Ankara katliamının ardından…

Ankara’daki Barış Mitingi’ne yönelik korkunç terör eyleminin, başta “fiili başkanlığını” ilan etmiş Cumhurbaşkanı olmak üzere bütün iktidar güçleri tarafından izleri karıştırma, gözbağcılık, hedef şaşırtma, soruşturmaya gizlilik, yayın yasağı vb. yollarla anlaşılamaz hale getirilmek istenmesine bakarak kesin bir devlet bağlantısından söz edebiliriz. Görünen o ki, mesele öyle teşvikle, en azından yol vermekle, görmezden gelmekle falan sınırlı değil. Belli ki arada çok daha “organik” bağlar var! Yani artık, devletin IŞİD’le, Suriye meselesi üzerinden kurduğu, cümlenin malûmu olan ilişkilerin varlığı, iktidardakiler tarafından da bir kez daha ve kesinlikle doğrulanmış durumda. En önemlisi, bu ilişkinin ağırlığı Suriye ve Rojava düzleminden, hızla seçimler ve başkanlık odaklı iç siyaset düzlemine kaymış görünüyor. İktidarın Ankara katliamının üstünü örtmek veya işin içine HDP’yi de katarak olayı bir çorbaya çevirmek için gösterdiği canhıraş çabanın başka bir anlamı yok.

Suçun itirafı: “Kendileri yaptılar” veya “IŞİD-PKK ortaklığı..!”

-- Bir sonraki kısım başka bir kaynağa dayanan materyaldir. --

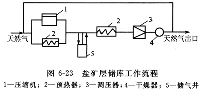 如果儲(chǔ)庫(kù)的壓力和管線壓力相等,則必須使天然氣經(jīng)壓縮機(jī)加壓,使它達(dá)到需要的壓力送入儲(chǔ)庫(kù),而儲(chǔ)庫(kù)則靠自身的壓力將天然氣輸出。輸出的天然氣在進(jìn)調(diào)壓器前也需經(jīng)過預(yù)熱器。此外,至少在儲(chǔ)氣庫(kù)工作的第一年中,還需要將含有鹽水的天然氣進(jìn)行干燥處理。

Bu operasyondaki devlet parmağının en önemli kanıtlarından biri de, bu defa Cumhurbaşkanı ve hükümet eliyle uygulanan, daha önceleri başkaları tarafından da tecrübe edilmiş “yansıtma” yöntemidir. Yani kendi lanetli marifet ve amaçlarını başkalarının marifet ve amaçları gibi gösterme, suçu aynen karşı tarafa atma yöntemi. Çok örneği var ama Gezi döneminden bir tane verelim. Ali İsmail Korkmaz cinayeti olayında Eskişehir Valisi, Ali İsmail’in eli sopalı, ancak kimliği belirsiz birtakım siviller, hatta kendi arkadaşları tarafından suçu polisin üzerine atmak amacıyla dövülerek öldürüldüğünü söylemişti. Bu açıklamayı duyar duymaz Ali İsmail’in polis tarafından dövülerek komaya sokulduğunu ve ardından da öldüğünü hemen ve tereddütsüz biçimde anlamıştık. Nitekim, bütün karartma çabalarına rağmen ortaya çıkan kamera kayıtları, her şeyin düşündüğümüz gibi olduğunu bütün açıklığıyla ortaya koymuştu. Bu defaki olayın çapının çok daha büyük olması, aynı cinsten bir yalan ve yansıtmanın çok daha büyük boyutlu olmasını gerektiriyor. Bunun birkaç versiyonu var. Akşam gazetesine göre katliam, Esad’dan gelen emir üzerine PKK tarafından gerçekleştirilmiş. Ancak daha sonra “üst akıldan” gelen bir başka “açıklamada” Ankara katliamının IŞİD-PKK ortak eylemi olduğu ve esas amacının “Türkiye’yi karıştırıp milli birlik ve huzurumuzu bozmak” olduğu öne sürüldü. Tabii işin bir köşesinde Şam rejimi olmakla birlikte, kambersiz düğün olamayacağına göre, çoktandır asıl hedef durumuna getirilen HDP de boylu boyunca işin içindeydi! Ardından, Ankara canlı bombalarının devletin elindeki listede yer alan, Diyarbakır ve Suruç’tan sonra bir büyük iş daha yapmaları kesin olan ve aynı gruba mensup (“Dokumacılar”-Adıyaman) kişiler olduğu, hatta Suruç’takiyle Ankara’dakinin kardeş oldukları ortaya çıktı. Polisin “terör bağlantılı kayıp” ve canlı bombalar listesinde yer alan, resmen arandıkları ortaya çıkan ve sözüm ona takipteki bu kardeşler ve diğer Ankara bombacısı, yakınları tarafından yakalanmaları talebiyle sadece polise değil, Cumhurbaşkanlığı’na ve Başbakanlık’a bile şikâyet edilmişler; haklarında savcılıkça soruşturma başlatılıp teknik takibe bile alınmışlar. Bir sonraki canlı bomba eyleminin faili bile adıyla sanıyla neredeyse kesin bir biçimde bilinmesine rağmen devlet ilginç bir kayıtsızlık göstermiş! Her şey bir yana Ankara’daki mitingde bombalı eylem yapılacağına dair üç gün öncesine ait bir istihbarat raporu da varmış. Ama olmamış…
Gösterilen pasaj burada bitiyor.